• Question: how do you know how far away the earth is from the sun because it is always getting closer?

    Asked by 624spea43 to Francesca, Laura, Matthew, Andrew, Rebecca on 18 Nov 2014.
    • Photo: Andrew McKinley

      Andrew McKinley answered on 18 Nov 2014:


      I have not heard that it is always getting closer… I do know that the moon is getting further from earth though!

      It is actually a really interesting problem because the distance can’t be measured directly. In the early days of researching the solar system (17th, 18th and 19th centuries), as new planets were found we could not determine absolutely how far away they were – we could make observations and accurately say that “Mars is 1.6 times as far from the sun as we are”, or “Jupiter is five times further from the sun than we are”, but everything was always a multiple of the earth-sun distance. Until we knew that distance, we could not determine – in miles or kilometers – what distances planets were from the sun.

      What we *did* know however was something called the “angular size of the sun” – that is the amount of sky the disc of the sun takes up. By observing a “transit” of an inner planet across this disc – that is timing how long it takes for the dot of Venus or Mercury to travel across the disc of the sun, calculations can be done to determine the earth-sun distance, and hence unlock the structure of our solar system.

    • Photo: Laura Schofield

      Laura Schofield answered on 19 Nov 2014:


      The Sun is on average 149,597,870,700 metres away from the surface of the Earth (it actually varies between 146 billion metres and 152 billion metres because the Earth isn’t a perfect sphere!) In the early days (1600s) people used Pythagoras (see, your Maths teacher tells you it has its uses!) to calculate the distance by plotting triangles between Mars or Venus and the Earth and Sun.

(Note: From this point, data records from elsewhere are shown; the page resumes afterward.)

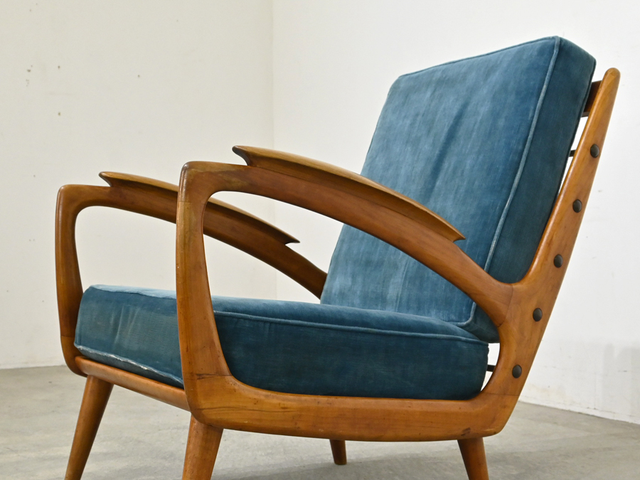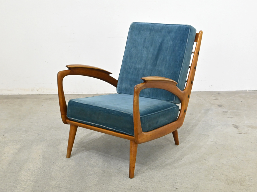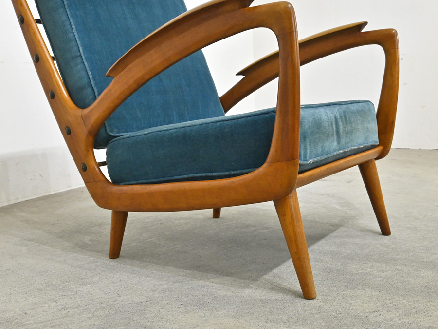 バーチとウォールナット材が使用された、滑らかなカーブを描く独特なフォルムとアームの造形が美しい一脚。
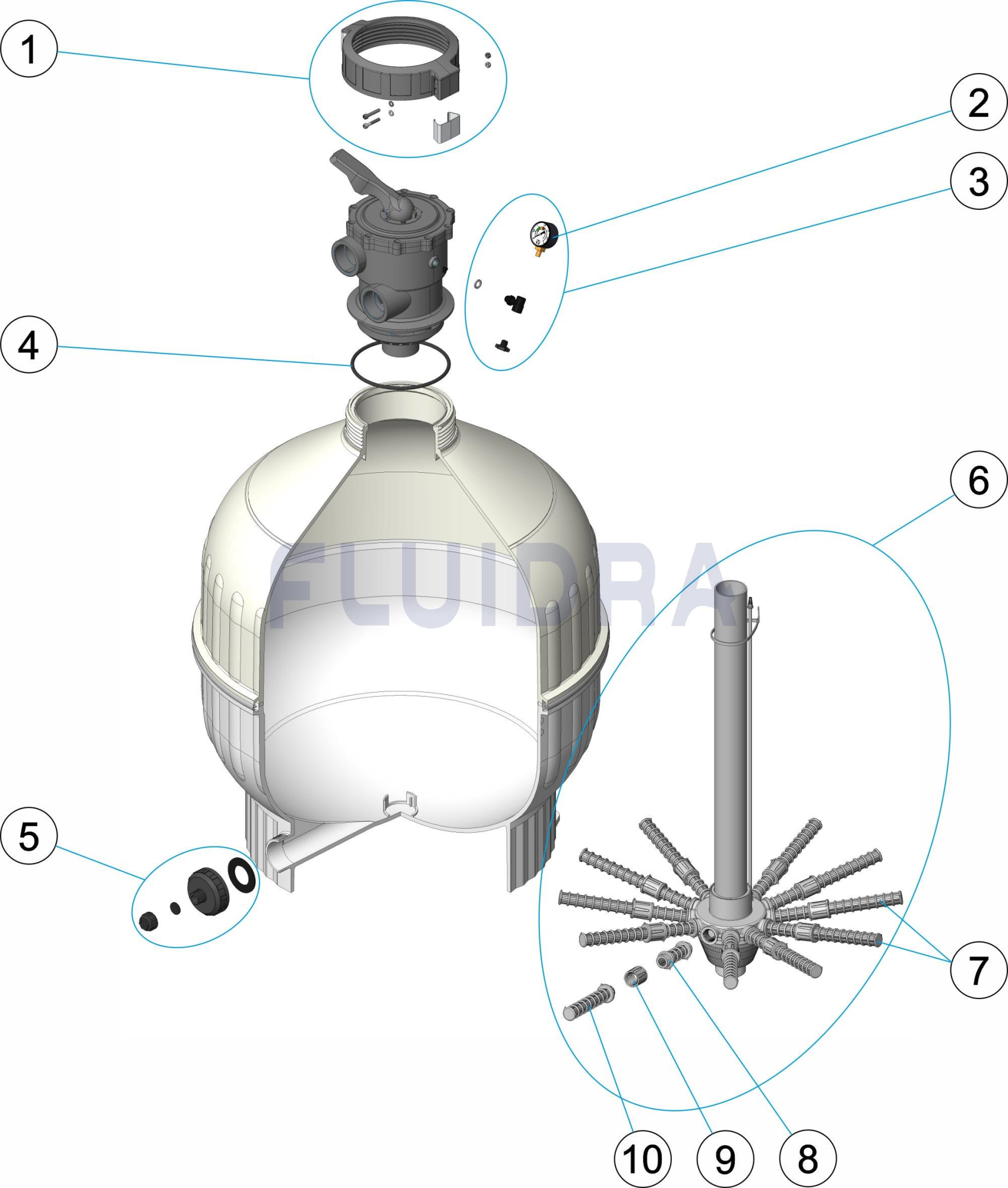 Filtros equipados con tapón de vaciado de arena de Ø 2’’ en los modelos Ø 750 mm y Ø 900 mm, y de 1 ½” en los modelos Ø 400 mm, Ø 500 mm y Ø 600 mm.
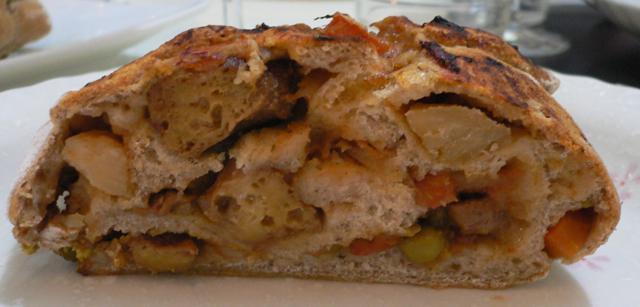 J’ai préparé ce rouleau avant de partir pour terminer un reste de seitan à la mode et je voulais reproduire la façon de faire la pizza que j’ai vu dans une pizzeria de ma ville en Italie, en réalité, comme dans toutes les pizzas, à l’intérieur on peut mettre ce qu’on veut (tous les restes quoi! ;-))

It took a very long time to do because they had to watch the planets move over time and work out how far away from the Earth they are.
      Nowadays, we use satellites that we know the location of! If we know the location of the satellite, we know the distance between Earth and the satellite, plus the angles between all 3 bodies and use Pythagoras equations to calculate the distance accurately!

    • Photo: Matthew Camilleri

      Matthew Camilleri answered on 19 Nov 2014:


      The distance between the Earth and the sun is not always constant, as the shape of orbit between the Earth and the sun is an ellipse rather then a circle. At its closest point, the Earth gets to 147 million km, and at its most distant point, it’s 152 million km.
      As you can see the distances are so huge that if there is a variation of a cm or 2 every year there is no way how we can realise that, but it seems that the earth is not getting closer to the sun as everything in our solar system is in balance. The only way to lose this balance would be if a meteorite hits earth and puts us out of orbit.